Welcome to our first Ray meetup in the New Year 2022, after two years of absence due to the Covid-19 pandemic. We are super excited to be back.
6:00 PM-6:05 PM: Kickoff Welcome remarks & agenda by Jules Damji
6:05 PM - 6:15 PM: “The year 2021 in Review of Ray” by Robert Nishihara
6:15 - 6:40 PM: “What’s New in Ray 1.9 and Beyond” by Zhe Zhang
6:45 - 7:15 PM: “Unifying Preprocessing and Training at Scale with Ray Datasets" by Alex Wu and Clark Zinzow
7:25 PM - 7:50 PM: Ray Community Talk by TBD
Talk 1: The 2021 Year in Review of Ray
We will reflect back on Ray’s major milestones, Ray’s ecosystems of ML native and integrated libraries, and community growth and contributions.
Bio: Robert Nishihara is the co-creator of Ray and CEO and co-founder of Anyscale, the company behind Ray
Talk 2: What’s New in Ray 1.9 and Beyond
We share what’s new in Ray, what's coming in the near future and roadmap, and get involved & contribute
Bio: Zhe Zhang leads and spearheads the Ray OSS project at Anyscale.
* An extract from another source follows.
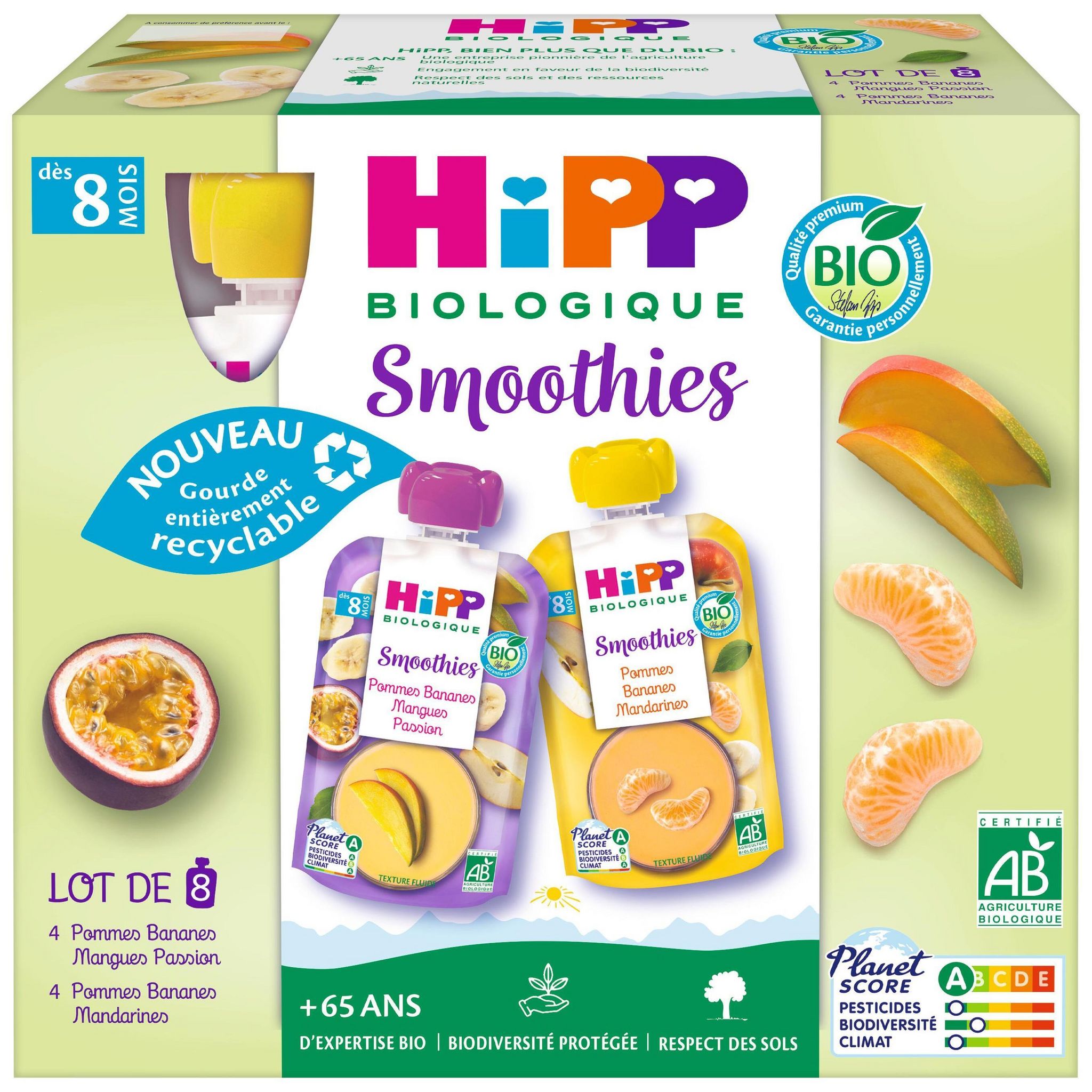 Biologique gourdes smoothies aux fruits bio 2 variétés dès 8 mois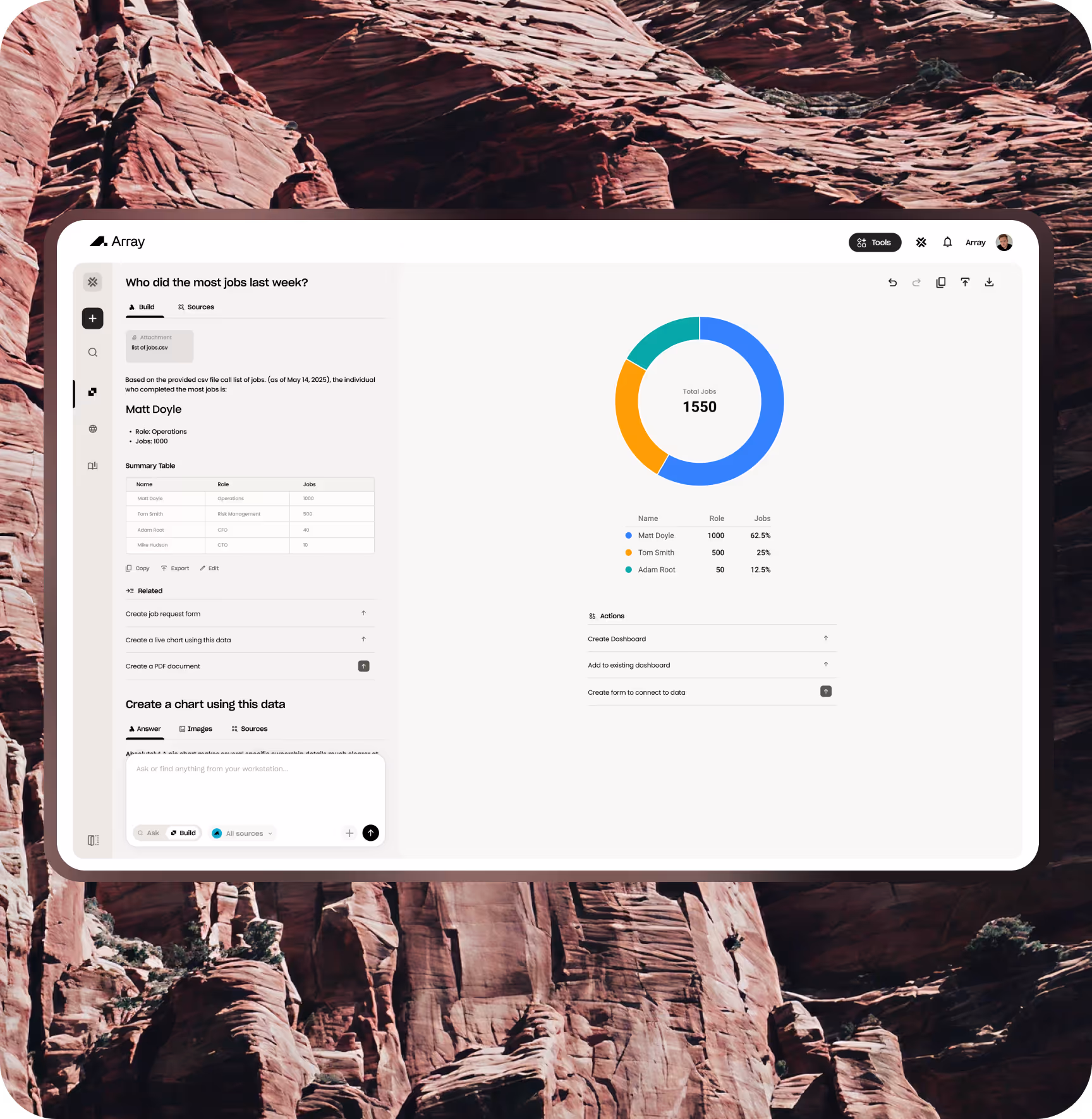 Go beyond static reports. Ask BuckAI to create graphs, pie charts, or entire dashboards for you — and they stay live, automatically updating as new data comes in. Each visualization connects to your real data sources, giving you a living, breathing view of performance across your organization.

Talk 3: Unifying Preprocessing and Training at Scale with Ray Datasets
ML tasks such as distributed training and batch inference stretch the abstractions of modern data processing systems. In this talk, we’ll discuss the wide-ranging problems that the Python community faces when building large-scale preprocessing and training pipelines. Some of these problems are caused by the complexity of stitching together distributed systems that weren’t designed to be compatible. For example, creating a pipeline with Dask and Horovod that can efficiently use the CPUs and GPUs in a cluster. Other problems -- like per-epoch dataset shuffling, show a gap between what operations ML practitioners want and what data processing libraries are capable of doing efficiently. We’ll also introduce Ray Datasets, a simple, scalable, and pythonic way of solving these problems.
Bio(s): Alex Wu and Clark Zinzow are both software engineers at Anyscale, working in the Ray Core and cloud computing infrastructure teams.
Talk 4: DeltaCAT: A Scalable Data Catalog for Ray Datasets
Most of today’s open-source data catalogs and data lakes are written for Java, with Python support either unavailable or tacked on as an afterthought. This can lead to awkward programming models and cross-language integration overhead for Python developers. To better connect Python devs to their data, we introduced the DeltaCAT project to the Ray Project ecosystem.
We’ll discuss how DeltaCAT leverages Ray Datasets to manage petabyte-scale data catalog tables. We’ll also review the goals of the project, how Amazon is using it internally, its current state, and future roadmap.
Bio: Patrick Ames is a Senior Software Engineer working on Big Data Technologies / Data Management and Optimization at Amazon.